Reproduce from the records below, with no pictures, exactly the lines between the one containing "セリ市は活気がみなぎっていました" and the one containing "Slika 45: Vesela", inclusive.

━━━━━ Records for the task

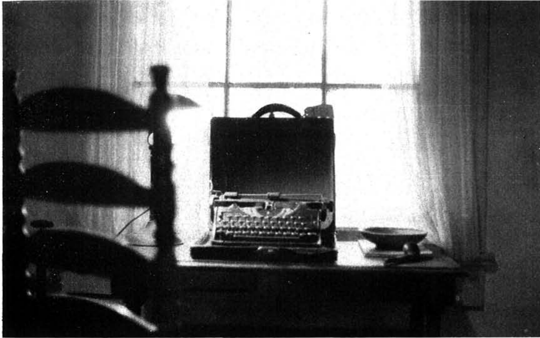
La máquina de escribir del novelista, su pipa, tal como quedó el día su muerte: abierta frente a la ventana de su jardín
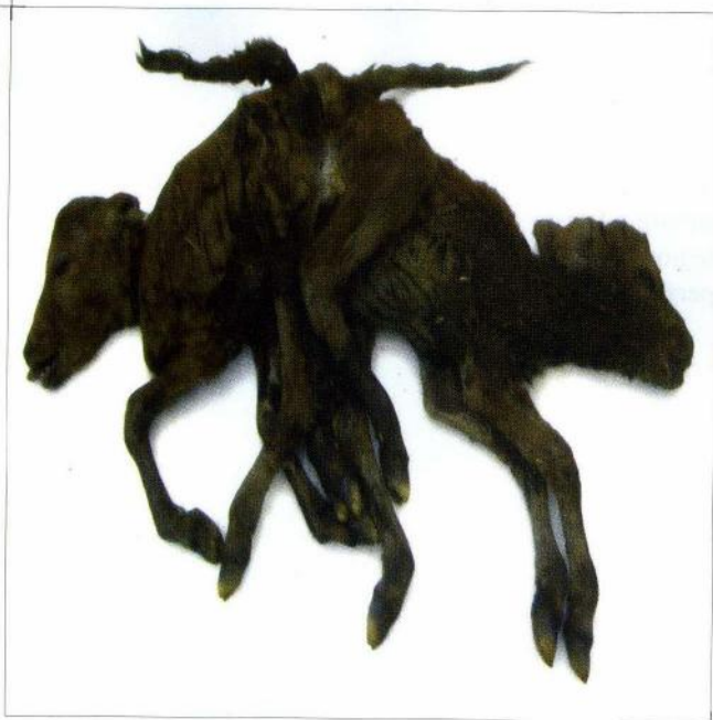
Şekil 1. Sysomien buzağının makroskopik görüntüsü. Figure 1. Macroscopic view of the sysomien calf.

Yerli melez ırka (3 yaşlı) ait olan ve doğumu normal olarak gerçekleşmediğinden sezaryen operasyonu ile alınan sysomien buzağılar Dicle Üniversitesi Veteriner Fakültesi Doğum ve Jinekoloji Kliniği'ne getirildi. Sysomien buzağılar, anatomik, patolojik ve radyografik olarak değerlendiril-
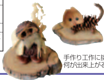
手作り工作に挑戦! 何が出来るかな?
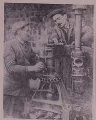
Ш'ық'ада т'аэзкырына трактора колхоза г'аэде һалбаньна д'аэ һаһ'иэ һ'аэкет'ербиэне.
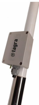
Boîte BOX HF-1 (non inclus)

━━━━━━━━━━
━━━━━ Records for the task

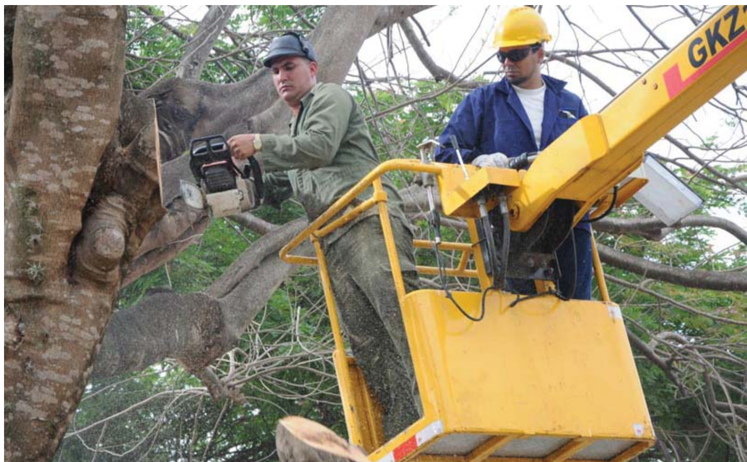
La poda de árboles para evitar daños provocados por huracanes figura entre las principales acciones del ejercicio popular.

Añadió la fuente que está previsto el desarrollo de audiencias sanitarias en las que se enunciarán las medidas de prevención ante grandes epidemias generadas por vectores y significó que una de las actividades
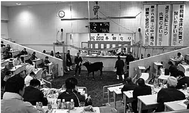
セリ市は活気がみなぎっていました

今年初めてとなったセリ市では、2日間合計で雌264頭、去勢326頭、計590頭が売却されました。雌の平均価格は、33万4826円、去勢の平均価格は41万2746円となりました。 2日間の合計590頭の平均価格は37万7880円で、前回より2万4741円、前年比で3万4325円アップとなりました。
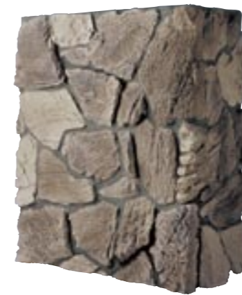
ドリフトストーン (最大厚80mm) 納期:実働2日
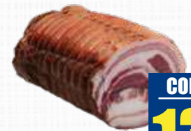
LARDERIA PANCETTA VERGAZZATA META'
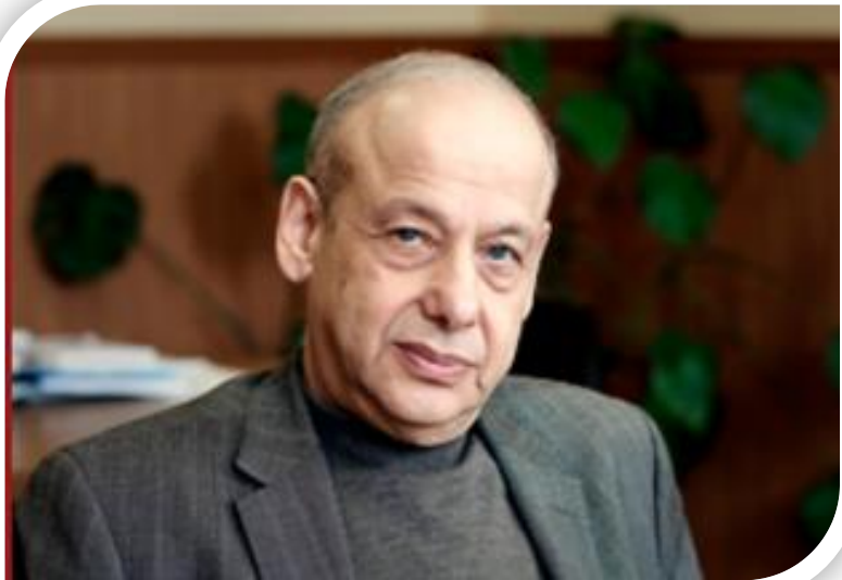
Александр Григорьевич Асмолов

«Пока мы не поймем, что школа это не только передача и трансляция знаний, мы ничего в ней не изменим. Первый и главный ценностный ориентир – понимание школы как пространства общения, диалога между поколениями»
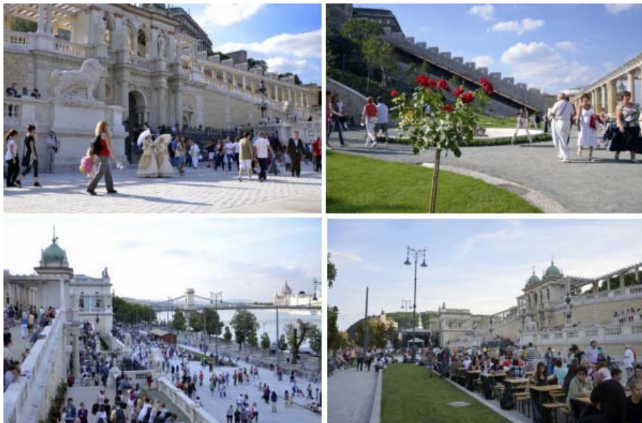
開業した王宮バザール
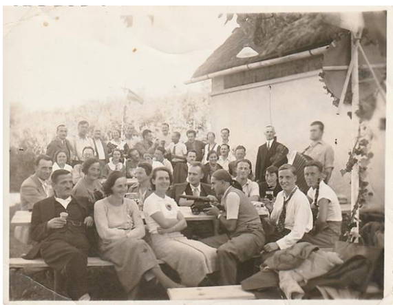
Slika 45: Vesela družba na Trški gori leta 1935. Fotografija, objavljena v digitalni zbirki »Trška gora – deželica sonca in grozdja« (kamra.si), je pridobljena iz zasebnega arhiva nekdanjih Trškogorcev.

━━━━━━━━━━
━━━━━ Records for the task

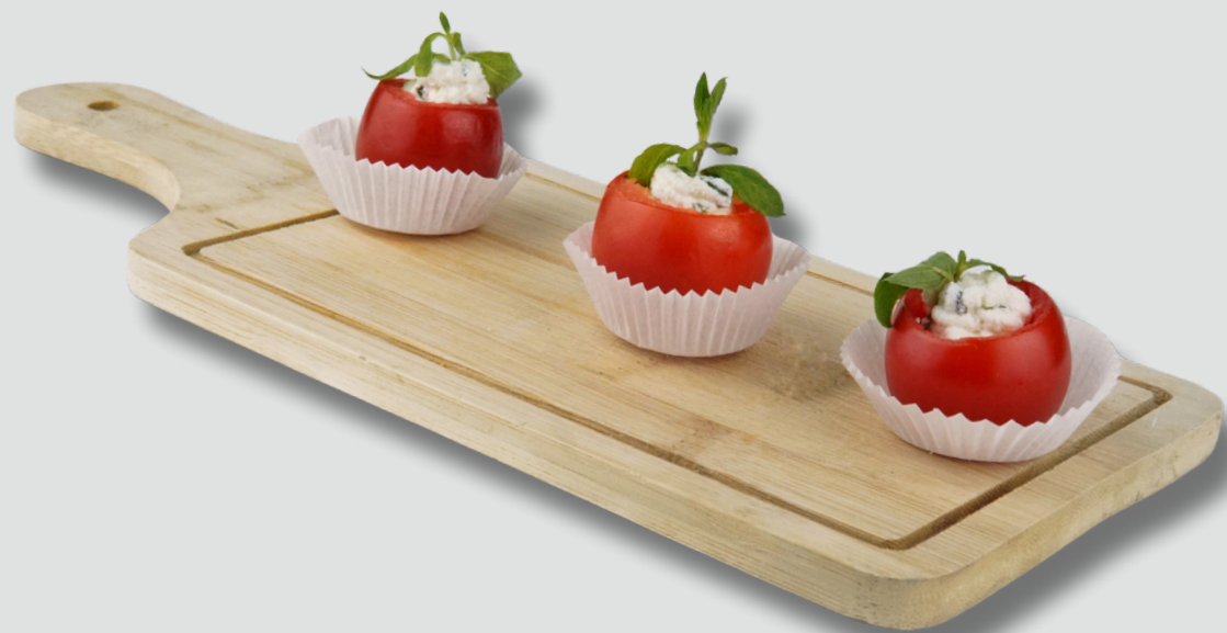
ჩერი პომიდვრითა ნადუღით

━━━━━━━━━━

Problem solution -
セリ市は活気がみなぎっていました

今年初めてとなったセリ市では、2日間合計で雌264頭、去勢326頭、計590頭が売却されました。雌の平均価格は、33万4826円、去勢の平均価格は41万2746円となりました。 2日間の合計590頭の平均価格は37万7880円で、前回より2万4741円、前年比で3万4325円アップとなりました。
ドリフトストーン (最大厚80mm) 納期:実働2日
LARDERIA PANCETTA VERGAZZATA META'
Александр Григорьевич Асмолов

«Пока мы не поймем, что школа это не только передача и трансляция знаний, мы ничего в ней не изменим. Первый и главный ценностный ориентир – понимание школы как пространства общения, диалога между поколениями»
開業した王宮バザール
Slika 45: Vesela družba na Trški gori leta 1935. Fotografija, objavljena v digitalni zbirki »Trška gora – deželica sonca in grozdja« (kamra.si), je pridobljena iz zasebnega arhiva nekdanjih Trškogorcev.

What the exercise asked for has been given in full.